- [Data under study]:
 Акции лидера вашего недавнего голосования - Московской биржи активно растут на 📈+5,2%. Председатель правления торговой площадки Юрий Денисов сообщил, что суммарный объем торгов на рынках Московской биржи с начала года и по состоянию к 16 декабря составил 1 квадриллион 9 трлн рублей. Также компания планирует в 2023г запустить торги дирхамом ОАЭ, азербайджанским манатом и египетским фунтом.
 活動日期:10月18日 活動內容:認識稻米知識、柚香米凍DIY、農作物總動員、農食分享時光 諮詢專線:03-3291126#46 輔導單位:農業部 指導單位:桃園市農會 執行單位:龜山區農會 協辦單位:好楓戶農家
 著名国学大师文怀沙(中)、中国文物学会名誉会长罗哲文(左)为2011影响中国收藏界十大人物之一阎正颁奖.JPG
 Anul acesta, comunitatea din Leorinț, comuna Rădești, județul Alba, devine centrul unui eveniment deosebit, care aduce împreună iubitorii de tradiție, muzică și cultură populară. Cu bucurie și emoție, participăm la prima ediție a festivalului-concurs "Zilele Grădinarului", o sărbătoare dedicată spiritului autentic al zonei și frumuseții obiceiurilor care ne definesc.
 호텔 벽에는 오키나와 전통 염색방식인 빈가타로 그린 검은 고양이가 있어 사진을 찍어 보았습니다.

==

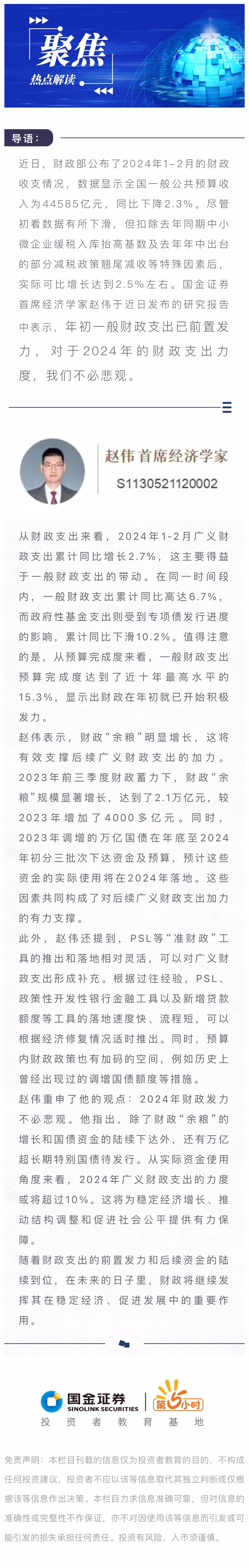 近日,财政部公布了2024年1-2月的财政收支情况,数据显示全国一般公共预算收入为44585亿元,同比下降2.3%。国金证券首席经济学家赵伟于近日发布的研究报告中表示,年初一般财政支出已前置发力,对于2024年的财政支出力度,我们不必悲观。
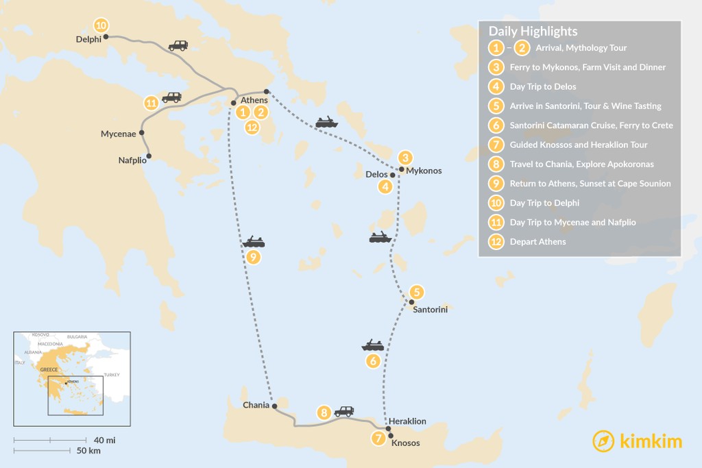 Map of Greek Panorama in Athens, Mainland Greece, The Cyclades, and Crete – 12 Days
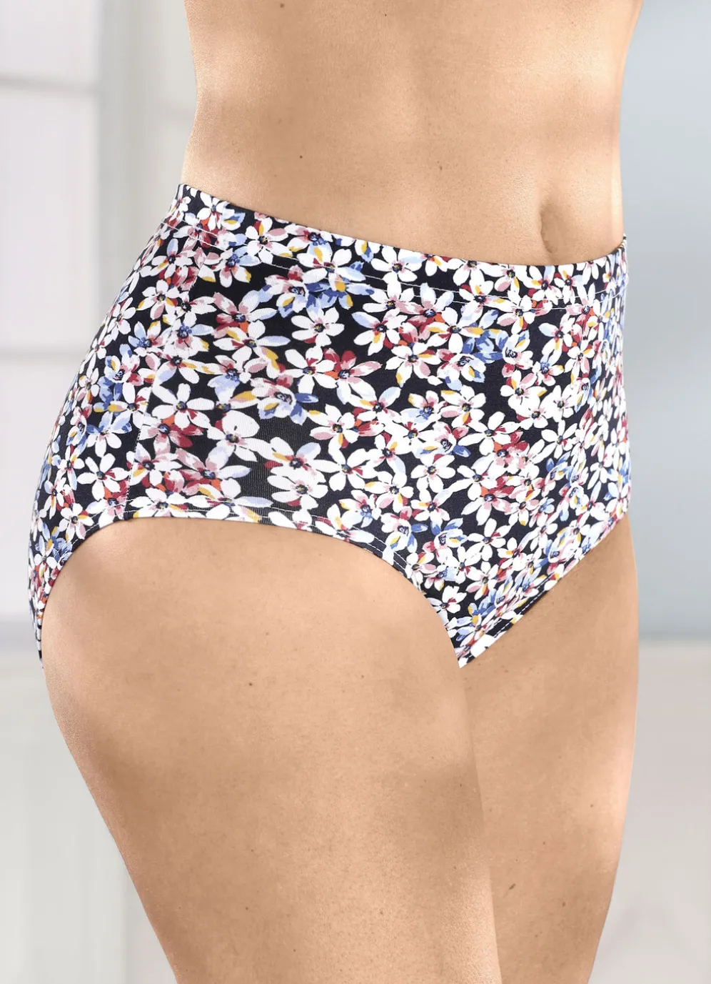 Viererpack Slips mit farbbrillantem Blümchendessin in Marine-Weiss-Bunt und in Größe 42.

--

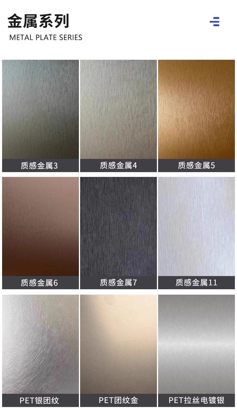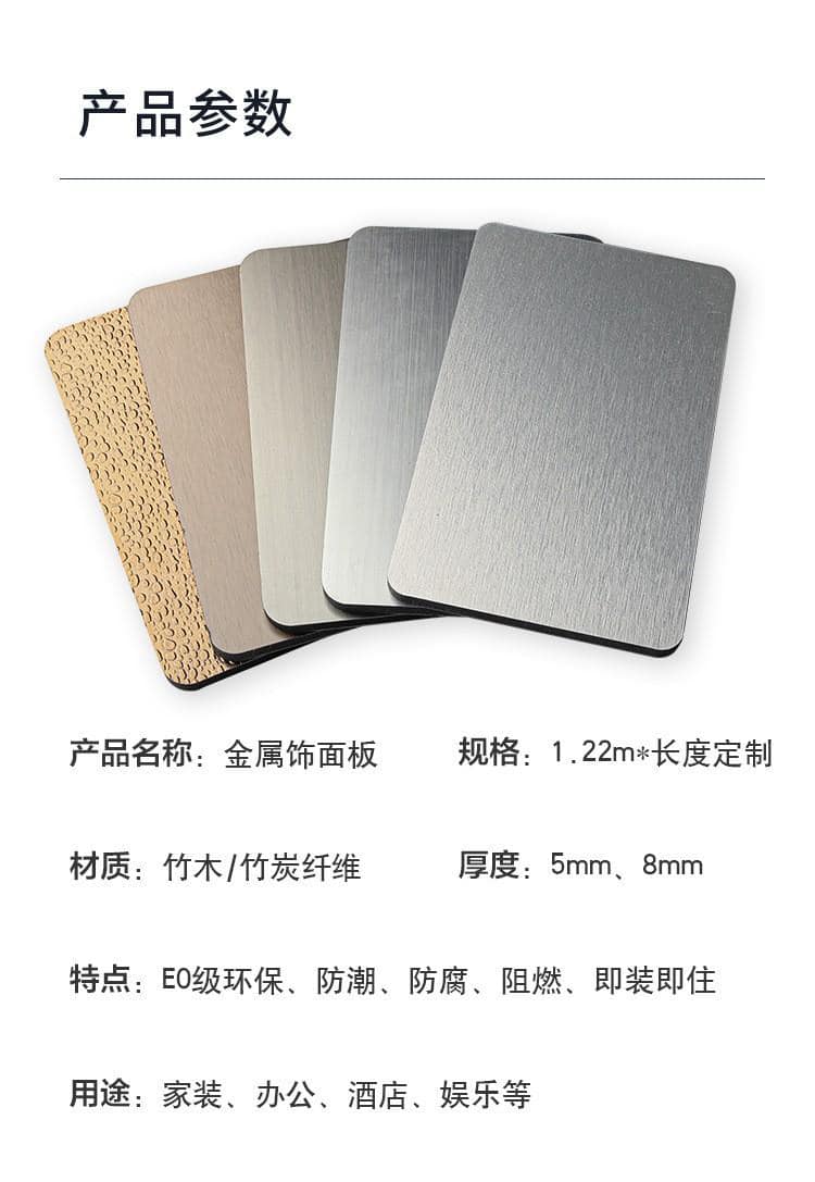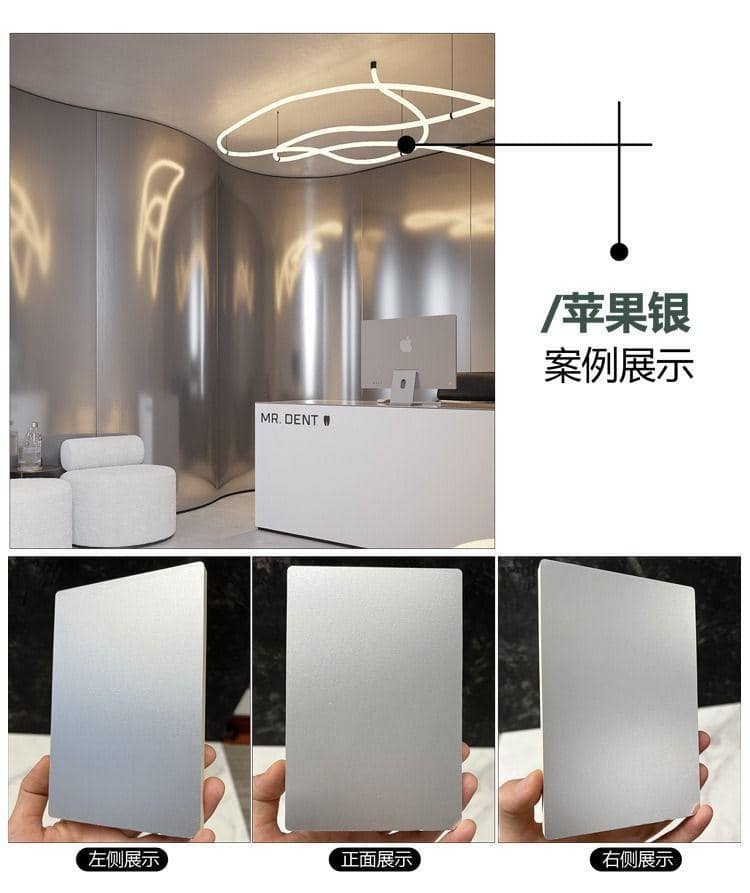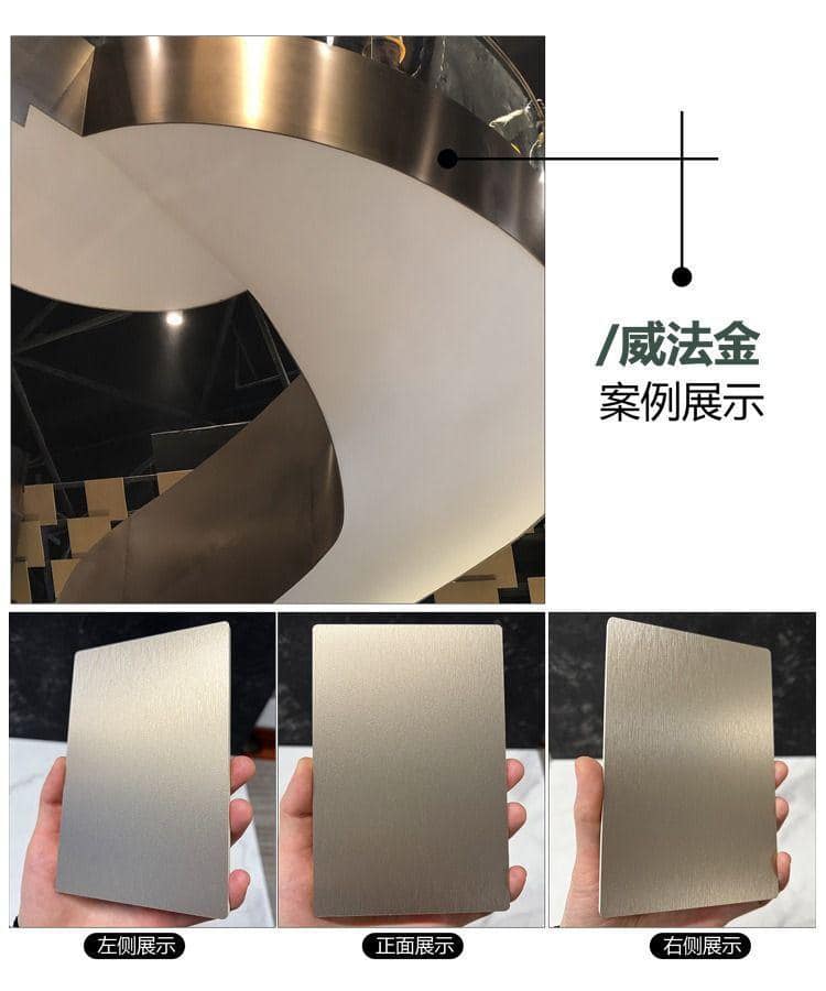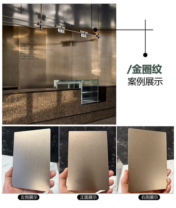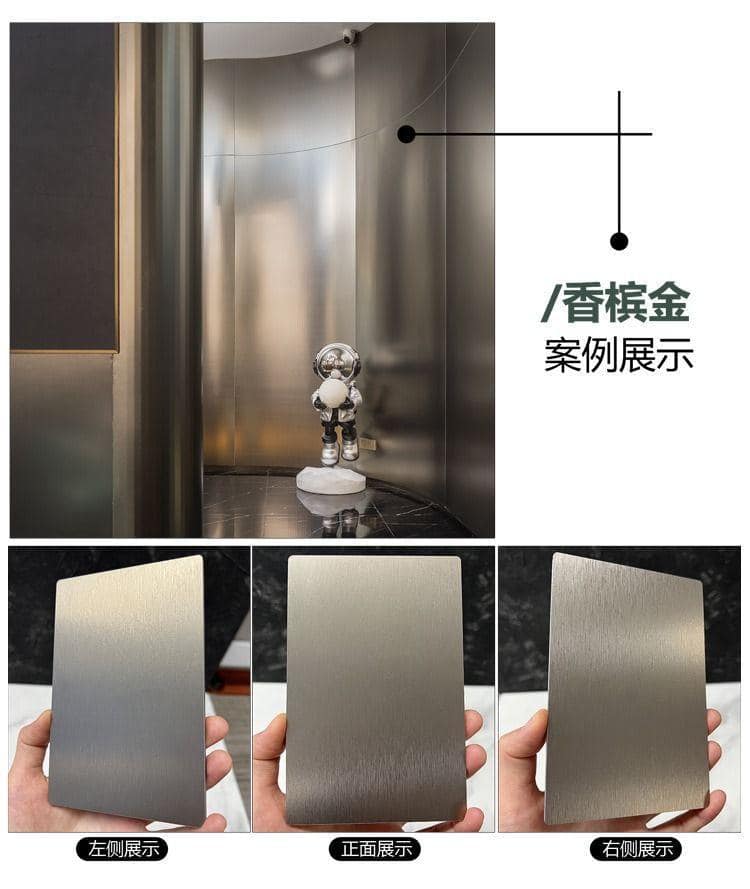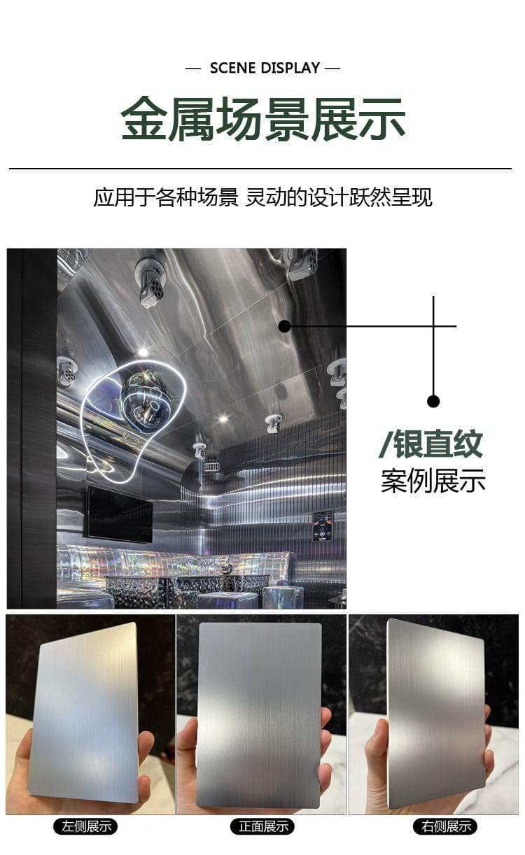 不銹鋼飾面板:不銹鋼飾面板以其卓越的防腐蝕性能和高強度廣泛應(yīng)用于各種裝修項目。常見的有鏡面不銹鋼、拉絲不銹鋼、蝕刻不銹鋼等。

- [Prompt]:
Every line above between the one containing "近日,财政部公布了2024年" and the one containing "Viererpack Slips mit", those two included, is to be printed exactly. No pictures go into the copy.

- [Response]:
 近日,财政部公布了2024年1-2月的财政收支情况,数据显示全国一般公共预算收入为44585亿元,同比下降2.3%。国金证券首席经济学家赵伟于近日发布的研究报告中表示,年初一般财政支出已前置发力,对于2024年的财政支出力度,我们不必悲观。
 Map of Greek Panorama in Athens, Mainland Greece, The Cyclades, and Crete – 12 Days
 Viererpack Slips mit farbbrillantem Blümchendessin in Marine-Weiss-Bunt und in Größe 42.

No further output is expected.